In participants with macroalbuminuria, sRAGE was associated with eGFR in linear regression analysis (β −0.356, t −8.618, p = 8.6× 10−17). In this group, the lowest sRAGE concentrations (1093 pg/ml) were seen in the highest eGFR quartile (>117 ml min−1 [1.73 m]−2) and the highest concentrations (1718 pg/ml) in the lowest eGFR quartile (<80.5 ml min−1 [1.73 m]−2) (p = 2.0× 10−6).

Baseline sRAGE concentrations predict progression of diabetic nephropathy in type 1 diabetes but not independently of eGFR

A total of 348 of the 3107 participants with follow-up data available had progressed from a lower to the next stage of kidney disease. The mean ± SD follow-up time was 6.25 ± 2.88 years (range 0–13.6 years).

During follow-up, 147 of 2063 participants developed microalbuminuria but sRAGE was not associated with this change. sRAGE was also not related to progression from micro- to macroalbuminuria (76 progressors among 418 participants). In contrast, every 100 pg/ml increase in sRAGE was associated with a greater risk of progression from macroalbuminuria to ESRD (125 progressors out of 457 participants; HR 1.051, 95% CI 1.040, 1.062, logrank p = 3.4 × 10−20) in univariate analysis. In multivariable analyses, sRAGE remained a significant predictor of progression to ESRD when sex, duration of type 1 diabetes, HbA1c, log triacylglycerols, BMI, systolic BP, history of smoking and log AER were entered into the model (HR 1.027, 95% CI 1.011, 1.043; logrank p = 0.001). However, the association disappeared after the addition of eGFR into the model.

Competing risks analyses were performed for progression from macroalbuminuria to ESRD with death as the competing event. The competing risk model was adjusted by the same variables as the Cox regression model. sRAGE showed a clear association with progression to ESRD both as a continuous variable (subdistribution HR 1.000246, 95% CI 1.000022, 1.0047; logrank p = 0.032) and as quartiles (subdistribution HR 1.567, 95% CI 1.215, 2.023; logrank p = 0.001).
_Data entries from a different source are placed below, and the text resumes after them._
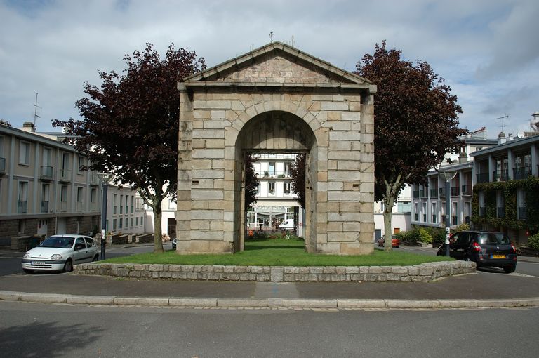 Vue des vestiges de la porte monumentale de la caserne Guépin remontés dans le square Commandant l'Herminier : revers de la porteImmatriculation
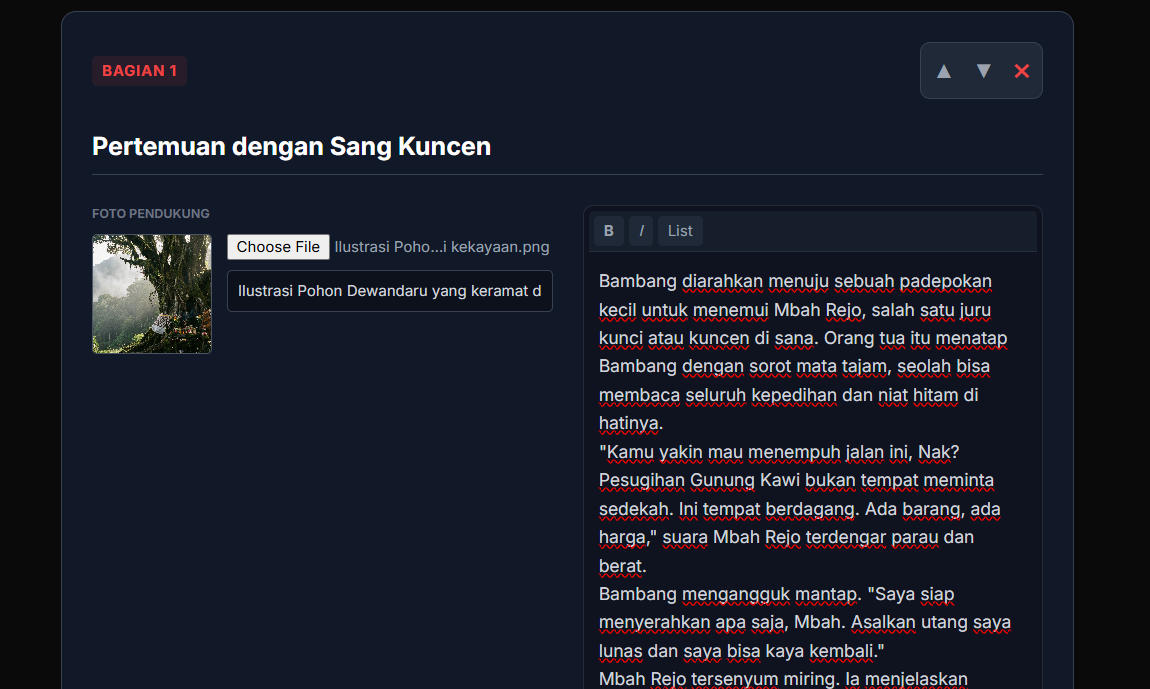 Gunakan Sub-Judul: Pecah ceritamu menjadi beberapa bab atau bagian kecil menggunakan fitur Sub-Judul (Heading).
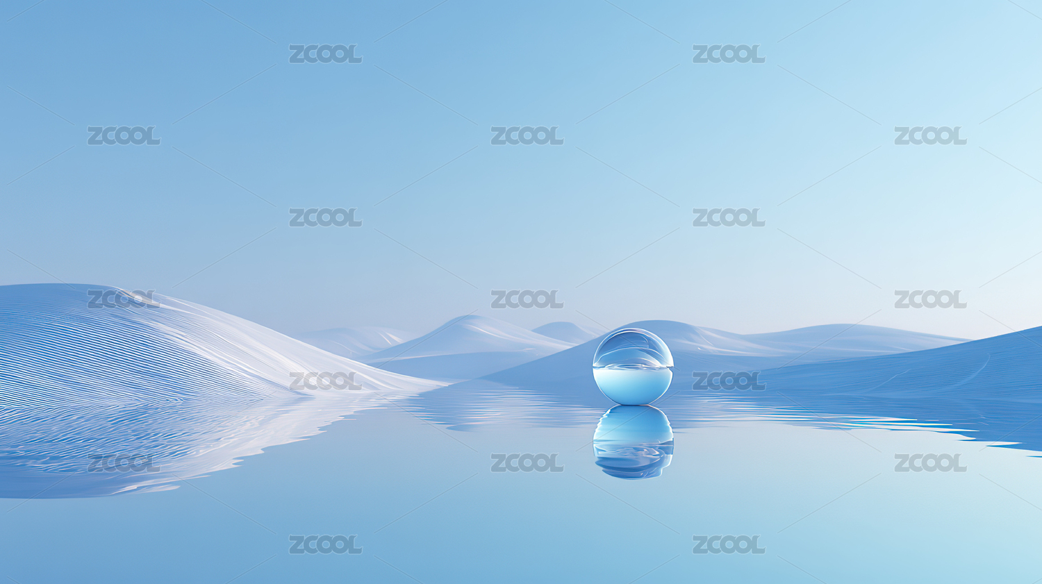 圆形,椭圆形,表面光滑,光泽,气泡,蓝色,山脉,背景,简约,化妆品展示

However, after entering eGFR into the model, sRAGE and the sRAGE quartile (logrank p = 0.058) were no longer significant.

To estimate the value of sRAGE as a predictor of progression, we performed ROC curve analyses on the Cox multivariable model with and without sRAGE. In the ROC curve analysis, the AUC including sRAGE was 0.856 (95% CI 0.816, 0.890) and the AUC without sRAGE was 0.908 (95% CI 0.874, 0.935), with a significant difference in the AUCs (p = 0.027).

SNP and Mendelian randomisation analysis

We have previously reported that sRAGE concentrations are associated with SNPs in the AGER gene, with rs2070600 (G82S) having the strongest effect on concentrations [13]. sRAGE concentrations in the different kidney-status groups for the rs2070600 genotype are listed in Table 2. Significant associations were found between sRAGE and this SNP in all kidney-status groups except for participants with ESRD (p = 1.2 × 10−37 for participants with a normal AER and p = 4.2 × 10−24 for all participants).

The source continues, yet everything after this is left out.